Now we know that the slope of the tangent line to a graph of a given function $f$ at $x=a$ is given by the limit $\displaystyle \lim_{h \to 0}\dfrac{f\left( a+h \right)-f\left( a \right)}{h}$
So, in this question, we have $f\left( x \right)={{x}^{2}}+5x$ and $a=4$, so the slope of the tangent line can be calculated as:
$\Rightarrow \displaystyle \lim_{h \to 0}\dfrac{f\left( 4+h \right)-f\left( 4 \right)}{h}$
On substituting the function, we get:
$\Rightarrow \displaystyle \lim_{h \to 0}\dfrac{\left( {{\left( 4+h \right)}^{2}}+5\left( 4+h \right) \right)-\left( {{\left( 4 \right)}^{2}}+5\left( 4 \right) \right)}{h}$
On simplifying the terms, we get:
$\Rightarrow \displaystyle \lim_{h \to 0}\dfrac{16+8h+{{h}^{2}}+20+5h-\left( 16+20 \right)}{h}$
On simplifying the bracket, we get:
$\Rightarrow \displaystyle \lim_{h \to 0}\dfrac{16+8h+{{h}^{2}}+20+5h-16-20}{h}$
On simplifying, we get:
$\Rightarrow \displaystyle \lim_{h \to 0}\dfrac{8h+{{h}^{2}}+5h}{h}$
On adding the similar terms, we get:
$\Rightarrow \displaystyle \lim_{h \to 0}\dfrac{13h+{{h}^{2}}}{h}$
Now on taking $h$ common in the numerator, we get:
$\Rightarrow \displaystyle \lim_{h \to 0}\dfrac{h\left( 13+h \right)}{h}$
Now since $h \to 0$ and $h\ne 0$, on cancelling, we get:
$\Rightarrow \displaystyle \lim_{h \to 0}\left( 13+h \right)$
On putting the value of $h$, we get:
$\Rightarrow 13$, which is the slope of the tangent line therefore $m=13$.

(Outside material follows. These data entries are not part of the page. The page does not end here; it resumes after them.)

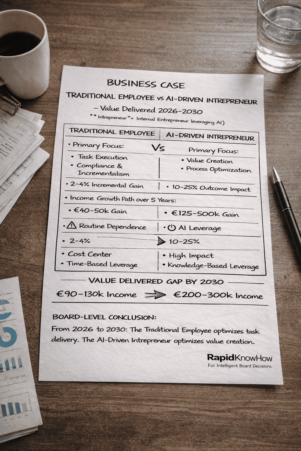 | Metric | Traditional Employee | AI-Driven Intrepreneur |
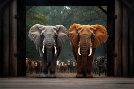 Majestic elephants stand at the entrance of a tranquil forest, surrounded by wildlife under a soft morning light. Generative AI
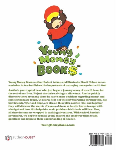 Young Money Books author Robert Adams and illustrator Scott Nelson are on a mission to teach children the importance of managing money-but with fun! Austin is your typical bear who just began a journey many of us will be on for the rest of our lives. He just started receiving an allowance. Austin quickly discovers there are many times he has to make decisions regarding money, and some of them are tough. Of course he is not the only bear going through this. His best friends, Tyler and Hope, are also on this roller-coaster ride, and together they will discover the secrets of money. Join us as Austin learns to cope with a budget and how this helps him avoid problems his friends will face. Plus, all these lessons are wrapped in exciting adventures. With each of Austin's adventures, we hope to educate young readers and empower them to ask questions and improve their understanding of finance. YoungMoneyBooks.com
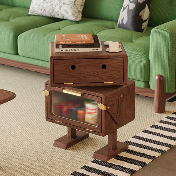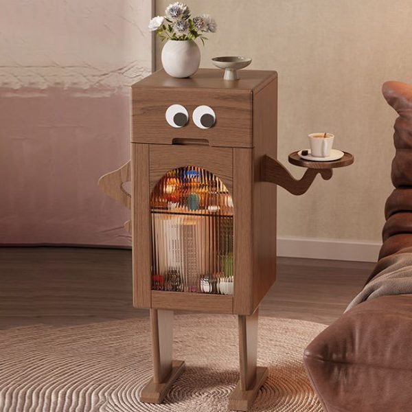 Contemporary Creative Robot Solid Wood Nightstand 2 Storage Cabinets For Bedroom
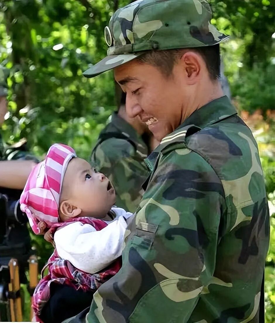 士兵用微笑和橄榄绿军装为婴儿修建了保护的围栏,小婴儿知道那个怀抱才最安全。

Now to find the equation of the tangent, we will use the slope intercept form as:
$\Rightarrow y-{{y}_{1}}=m\left( x-{{x}_{1}} \right)$
On substituting $\left( {{x}_{1}},{{y}_{1}} \right)$ as $\left( 4,36 \right)$ and $m=13$, we get:
$\Rightarrow y-36=13\left( x-4 \right)$
On simplifying and rearranging the terms, we get:
$\Rightarrow y=13x-16$, which is the required equation for the tangent.
On drawing the function and the tangent on the graph, we get:

Which is the required solution.

Note: It is to be remembered that a tangent is a line segment which touches the given other curve on the graph through a point. The slope of the line $m$ tells us the steepness of the line. Slope of the line is also called the gradient of the line. It is to be remembered in limits that $h$ should not be substituted in the denominator such that $0$ is present in the denominator.